The U.S. Navy announced that this year’s Rim of the Pacific (RIMPAC 2014) exercise is scheduled to be conducted from late June to early August and will be the largest ever with 23 participating nations, including a diversified mix of maritime, land and air forces from the United States (outside Hawaii), Australia, Brunei, Canada, Chile, China, Columbia, France, Indonesia, India, Japan, Malaysia, Mexico, Netherlands, New Zealand, Norway, Peru, Philippines, Republic of Korea, Singapore, Thailand, Tonga and United Kingdom.

The visiting forces will include nearly 24,700 military personnel. The Research and Analysis Division of Hawaii’s Department of Business, Economic Development, and Tourism (DBEDT) has estimated that this group will spend upwards of $52.5 million for gifts, entertainment and other visitor-type expenditures.

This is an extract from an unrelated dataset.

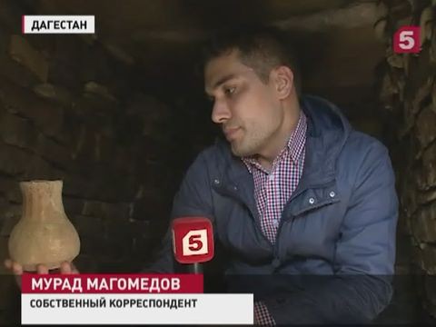 Примерно тысячу двести лет назад в Дагестане так хоронили людей. Основательно строили склеп из камня. Умершим клали еду и напитки. Вот, рядом с останками нашли и два древних глиняных кувшина. Возможно, они были наполнены водой, молоком или вином. По этим кувшинам археологи установили примерный возраст склепа. Это изделие сделано вручную, без гончарного круга. Вот видны, следы пальцев, и декоративный узор - волнообразная линия по кругу. Склеп никто специально не искал. Могила открылась после оползня. Местные жители, обнаружив ее, сразу же сообщили ученым. Здесь и прежде находили подобные усыпальницы.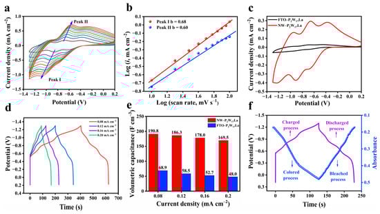 The electrochemical properties of as-prepared films were measured using cyclic voltammetry (CV) and galvanostatic charge/discharge (GCD) tests. The three pairs of redox peaks on the NW–P2W17La film CV curve are attributed to the redox reaction between WVI and WV and represent typical faradaic behavior during ion insertion/extraction (Figure 5a) [41]. When the scan rate is increased from 10 to 100 mV s−1, the shapes of the curves remain largely unchanged, except that the peak potential exhibits a minor shift. The anodic peaks shift toward positive potentials and cathodic peaks shift toward negative potentials, which can be attributed to a reversible but nonideal redox process [42]. To reveal the electrochemical kinetic process, the relationship between the oxidation/reduction peak current and the scan rate was studied. The peak current density i and the corresponding scan rate follow the mathematical relationship i = ab, where a is an adjustable parameter and b is the slope of the linear log i versus log curve. The magnitude of the slope can be used to characterize the ion storage mechanism during charging and discharging [43]. When b = 0.5, the electrochemical reaction process is governed by the diffusion-controlled process, whereas b = 1 indicates that the process is primarily controlled by the surface reaction, resulting in a capacitance-controlled process. The linear relationship between log i and log is shown in Figure 5b and the b-values of peaks I and II are 0.68 and 0.60, respectively. This shows that the kinetic process taking place in the NW–P2W17La film is controlled by ion diffusion and capacitive effects.

This figure does not include millions of dollars in yet-to-be determined government purchases of fuel and other supplies and services in direct support of RIMPAC. It also does not include estimated visitor spending by the thousands of accompanying spouses, children, and other family and friends who are expected to be visiting the islands and spending vacation time during RIMPAC.

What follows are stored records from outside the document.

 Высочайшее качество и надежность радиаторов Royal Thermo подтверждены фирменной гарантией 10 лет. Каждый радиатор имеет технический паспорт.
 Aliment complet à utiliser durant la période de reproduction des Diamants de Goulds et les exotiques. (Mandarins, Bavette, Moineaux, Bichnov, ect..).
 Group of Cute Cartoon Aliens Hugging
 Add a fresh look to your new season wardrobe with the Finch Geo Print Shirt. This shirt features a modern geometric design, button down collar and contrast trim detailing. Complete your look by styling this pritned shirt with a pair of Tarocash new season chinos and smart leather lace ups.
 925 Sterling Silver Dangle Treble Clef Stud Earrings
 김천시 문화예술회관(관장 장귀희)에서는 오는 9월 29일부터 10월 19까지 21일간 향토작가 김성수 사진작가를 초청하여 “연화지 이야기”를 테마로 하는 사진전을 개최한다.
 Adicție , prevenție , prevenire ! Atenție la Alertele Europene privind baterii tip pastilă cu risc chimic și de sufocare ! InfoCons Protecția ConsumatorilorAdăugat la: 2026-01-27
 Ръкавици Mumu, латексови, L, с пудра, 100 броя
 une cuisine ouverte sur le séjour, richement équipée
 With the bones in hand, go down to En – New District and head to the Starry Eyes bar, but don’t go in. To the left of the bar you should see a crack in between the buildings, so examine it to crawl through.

The inaugural RIMPAC was held in 1971 and included forces from Australia, Canada, New Zealand, the United Kingdom and the United States. It has since grown to become the world’s largest international maritime warfare exercise and is held biennially on even numbered years.  It is hosted and administered by the Commander, U.S. Pacific Fleet, at Pearl Harbor, Hawaii in conjunction with the U.S. Marine Corps and U.S. Coast Guard, and Hawaii National Guard forces under the control of the Governor of Hawaii.

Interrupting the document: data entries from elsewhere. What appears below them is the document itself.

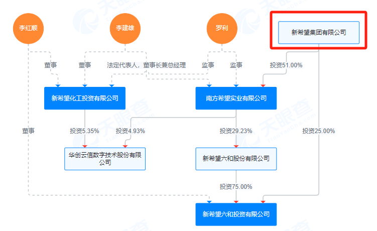 完成上述增持后,新希望化工及其一致行动人合计持有民生银行的股份比例将超过5%。 截至11月18日,南方希望实业有限公司、新希望六和投资有限公司合计持有民生银行的股份比例达4.96%。 天眼查显示,新希望化工、南方希望实业有限公司、新希望六和投资有限公司均由新希望集团掌控。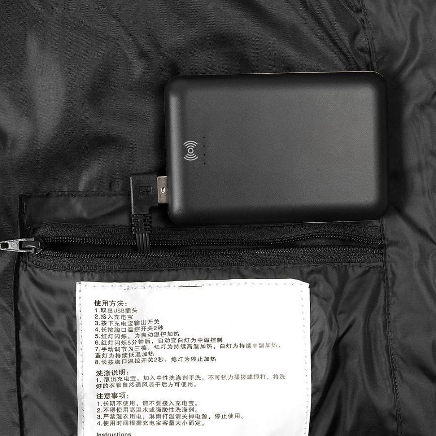 Жилет со встроенным нагревательным элементом из углеродного волокна с девятью зонами нагрева в области спины, шеи и живота. Работает от внешнего аккумулятора (в комплект не входит), подарит ощущение тепла и комфорта в любую погоду.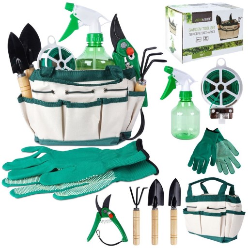 Komplet narzędzi składa się z takich elementów jak łopatki, grabki, skrobak, nożyce do przycinania krzewów, sekator, czy butelka z rozpylaczem. To wszystko o czym marzy każdy miłośnik ogrodnictwa zostało ujęte w jednym praktycznym zestawie.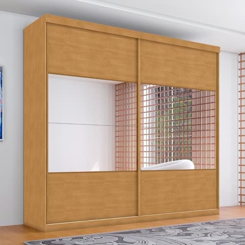 Feito em MDF 4 gavetas com corrediças telescópicas, 2 Portas deslizantes, 6 prateleiras e 4 cabideiro.
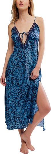 An intricate print covers this romantic and slinky slipdress featuring a deeply dipped neckline, lacy trim and a leggy slit at the hem.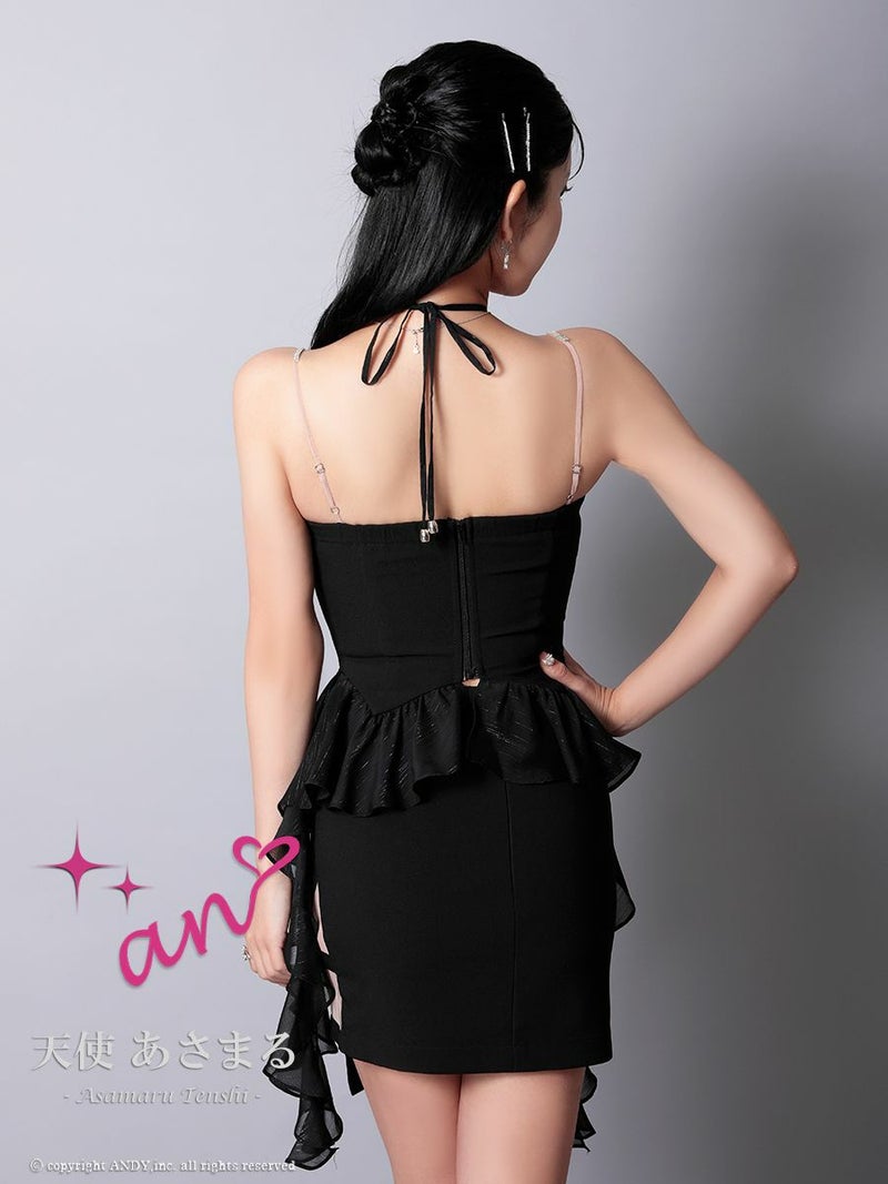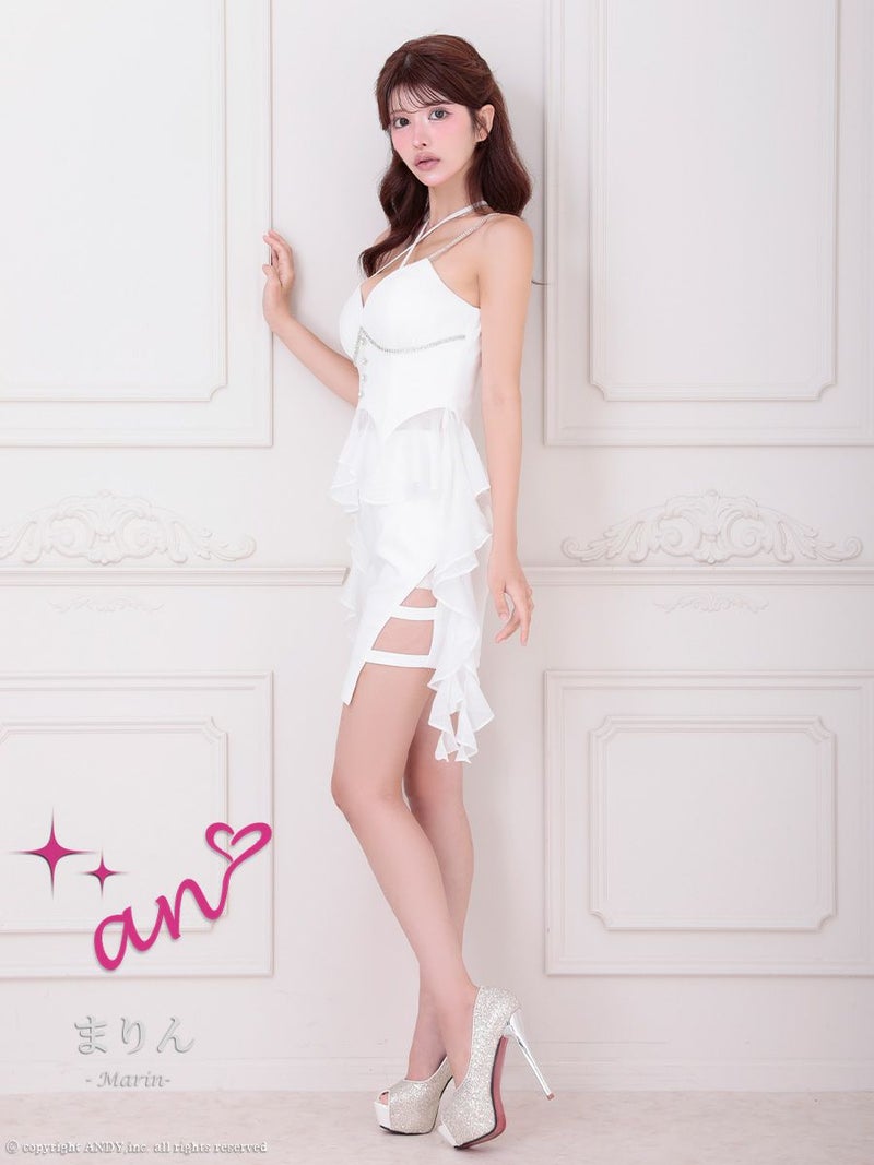 キャバドレス an アン 高級 ブランド タイトミニドレス 谷間 セットアップ キャミソール クロスネックリボン 2way コルセット風 フリル ビジュー

The U.S. conducts RIMPAC to enhance interoperability between Pacific Rim armed forces as a means of helping to promote stability in the region to benefit all of the participating nations.  The Pacific area of responsibility faces several challenges which threaten regional security and stability and could require naval force-on-force engagements to protect against aggressor nations and enable growth in commerce and trade.